The Missing Value Report

A low-rank approximation of a matrix is of the form X = UDV‘ and can be viewed as an extension of singular value decomposition (SVD). ADI uses the Soft-Impute method as the imputation model and is designed such that the data determines the rank of the low-rank approximation.

The ADI algorithm performs the following steps:

The data are partitioned into training and validation sets.

Each set is centered and scaled using the observed values from the training set.

For each partitioned data set, additional missing values are added within each column and are referred to as induced missing (IM) values.

The imputation model is fit on the training data set along a solution path of tuning parameters. The IM values are used to determine the best value for the tuning parameter.

Additional rank reduction is performed using the training data set by de-biasing the results from the chosen imputation model in step 4.

Final rank reduction is performed to calibrate the model for streaming data and to prevent overfitting.
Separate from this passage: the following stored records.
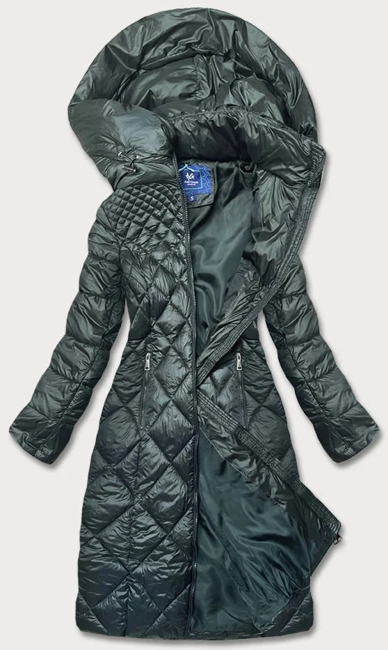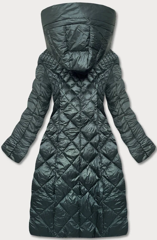 Tmavě zelená dlouhá dámská prošívaná bunda (ag1-j9082)
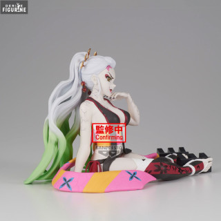 This figure from Banpresto's Glitter & Glamours collection perfectly embodies Daki’s enchanting beauty with precise details and an elegant pose, seated with an enigmatic smile. Her characteristic features, such as her white hair with colorful highlights and floral-patterned attire, are finely reproduced, offering fans a faithful representation of the character. The glittering finishes of this collection add a glamorous touch, enhancing Daki's seductive and menacing nature, making it a valuable piece in any Demon Slayer collection.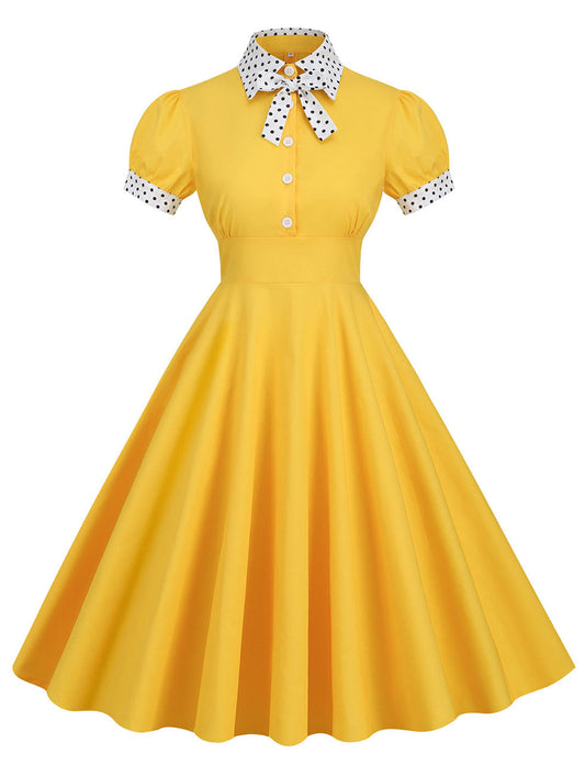 Yellow Polka Dots High Waist Audrey Hepburn Style Cocktail Suspender Swing Dress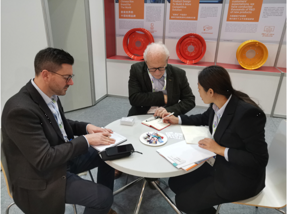 展會期間,展位參觀者絡繹不絕,公司接待了來自德國、西班牙、意大利、英國、法國、荷蘭等國家的新老客戶。我司展出的自主設計開發的滾壓鋁輪轂、高品質農機輪輞由于其獨特的工藝及精美的外觀,給客戶留下了深刻的印象,受到眾多海外買家的關注與青睞。通過現場銷售及工程人員對產品各類特點及優勢的講解,客戶對于風馳的產品有了更進一步的了解,不僅有效的推廣了風馳品牌,使得更多農機領域經銷商,廠商認識風馳的產品,建立合作模式。同時,借助此次機會,公司還對歐洲農機領域進行了解和分析,為進一步擴大歐洲市場提供指向標。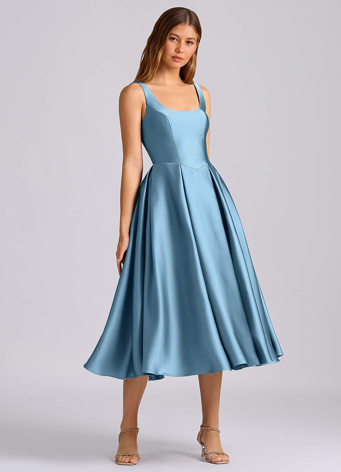 A라인 주름진 스트레치 새틴 티 길이 드레스

This is done by fitting the imputation model on the validation set, using the rank determined in step 5 as an upper bound.

Automated Data Imputation Controls

The ADI utility contains options for saving the imputed values and advanced controls.

Figure 2.14 ADI Controls

Options for Saving Imputed Values

The following three options for saving the imputed values for the ADI method are available:

Create New Data Table

Creates a new data table that has the same dimensions as the original data table. In the new data table, the columns selected in the launch window contain the imputed values.

Save Scoring Formula to Current Data Table

Saves a column group, named Imputed_, to the current data table that contains the imputed columns specified in the launch window. A hidden column, ADI Impute Column, is also added to the current data table that contains the imputed vectors and the scoring formula used in the data imputation. The column formulas automatically update if any additional rows are added to the data table, enabling missing data imputation for streaming data. This is the default option.

Impute Values in Place

Imputes the missing values in the current data table. The imputed values are displayed in light blue.

Advanced Controls

Contains the following advanced controls, with recommended settings based on the data:

Dimension Upper Bound

Determines the maximum rank allowed in the low-rank approximation. This is determined by the dimension of the matrix formed by the chosen columns.

Maximum Iterations

Determines the number of values that are iterated over to determine the tuning parameter for the imputation model. The default is 10.

Proportion of Observations to Induce as Missing

Determines the proportion of IM values that are added to the training and validation sets. The default proportion for each set is 0.2.

Proportion of Rows to Use for Validation

Determines the proportion of rows to use in the training and validation sets. The default proportion for the validation set is 0.3.

Set Random Seed

Determines the random seed for ADI. Use this option to obtain reproducible results.